Machine learning-based identification of a metabolic cell death gene signature for assessing disease activity and immunological landscape in inflammatory bowel disease
摘要
Inflammatory bowel disease (IBD) is characterized by a refractory, relapsing inflammatory state driven by a multifaceted and poorly understood interplay between host mucosal metabolic disturbances and immune microenvironment dysregulation. To uncover robust non-invasive diagnostic indicators, this study implemented an integrated analytical framework combining advanced machine learning feature selection, penalized logistic regression modeling, and leave-one-dataset-out cross-validation to construct a novel diagnostic signature derived from metabolic cell death-related genes (MCDRGs).
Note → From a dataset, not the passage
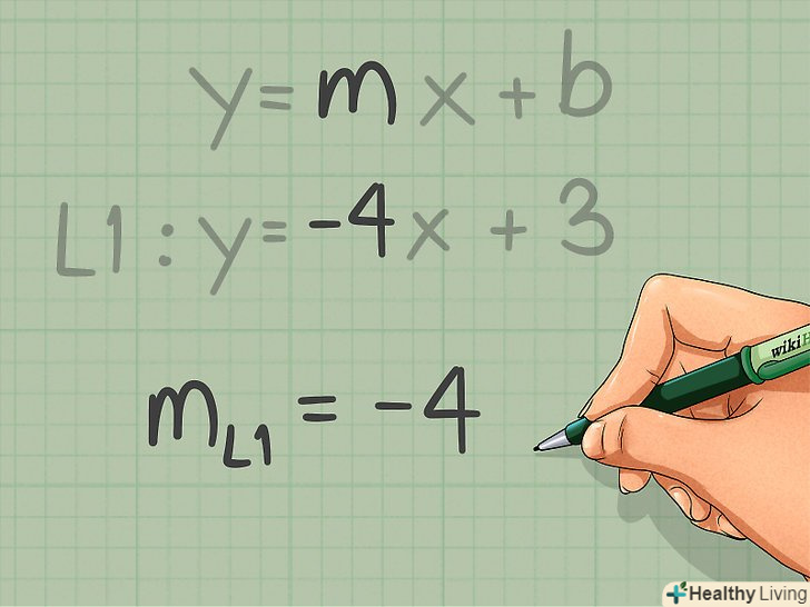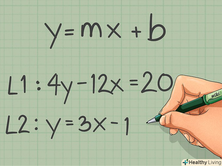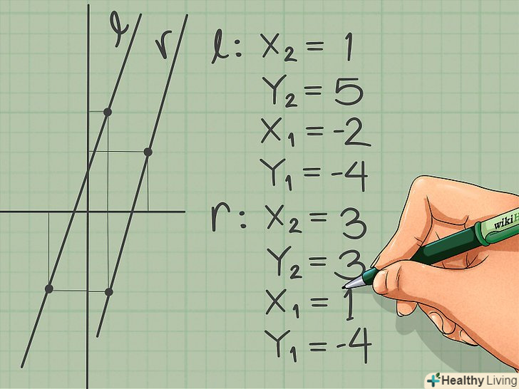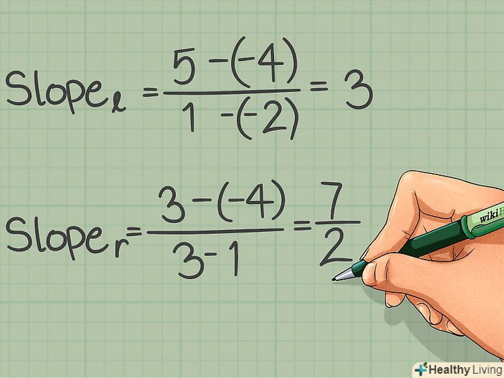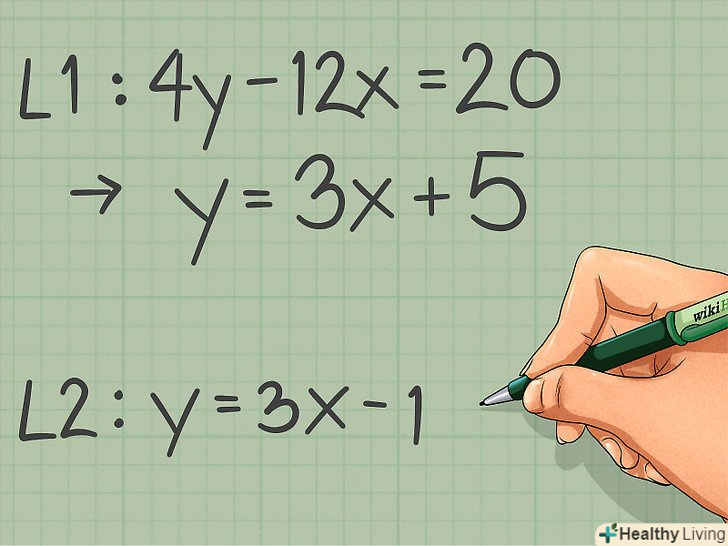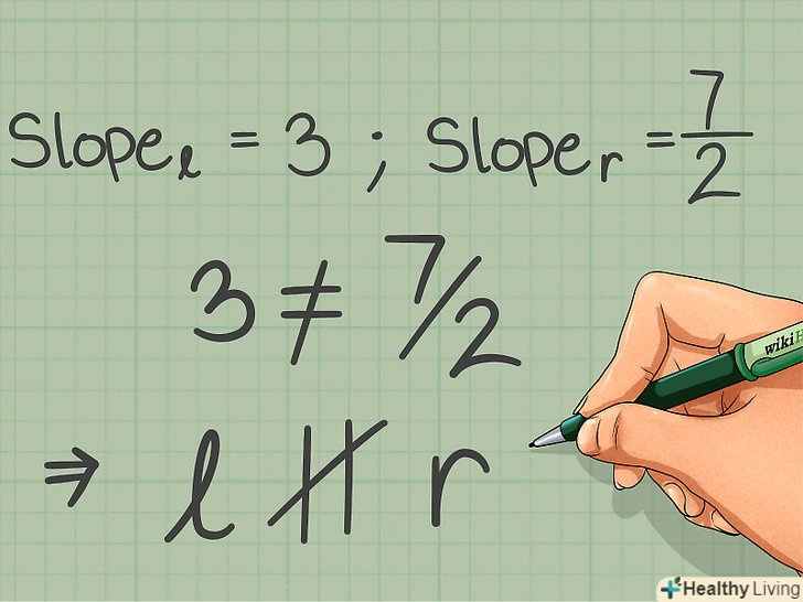 Порівняйте кутові коефіцієнти.Пам'ятайте, що у паралельних прямих кутові коефіцієнти рівні. На малюнку прямі можуть здаватися паралельними, але якщо кутові коефіцієнта не рівні, такі прямі не паралельні один одному.[6]- У нашому прикладі 3 Не дорівнює 7/2, тому дані прямі не є паралельними.

Systematic multiple-testing correction and rigorous data harmonization were applied across all independent discovery and validation cohorts to control for potential batch effects. Through this approach, we successfully identified a core three-gene candidate panel comprising indoleamine 2,3-dioxygenase 1 (IDO1), lipocalin 2 (LCN2), and solute carrier family 6 member 14 (SLC6A14). Methodologically, we demonstrated that the initial near-perfect apparent discrimination within the discovery cohort was mathematically attributable to quasi-complete data separation rather than systemic model overfitting. This identified signature exhibited consistent cross-cohort validation and correlated tightly with the coordinated infiltration and functional states of multiple mucosal immune cell subsets. Furthermore, independent clinical assays substantiated the synchronized elevation of these markers during active clinical phases, while orthogonal single-cell RNA-sequencing confirmed their prominent, cell-type-specific enrichment within the myeloid, epithelial, and stromal compartments of inflamed intestinal mucosa. Collectively, the identified MCDRGs, IDO1, LCN2, and SLC6A14, link metabolic dysregulation, immune infiltration, and regulated cell death, offering insights into IBD pathophysiology and providing a transcriptomic candidate signature with exploratory diagnostic potential for IBD stratification.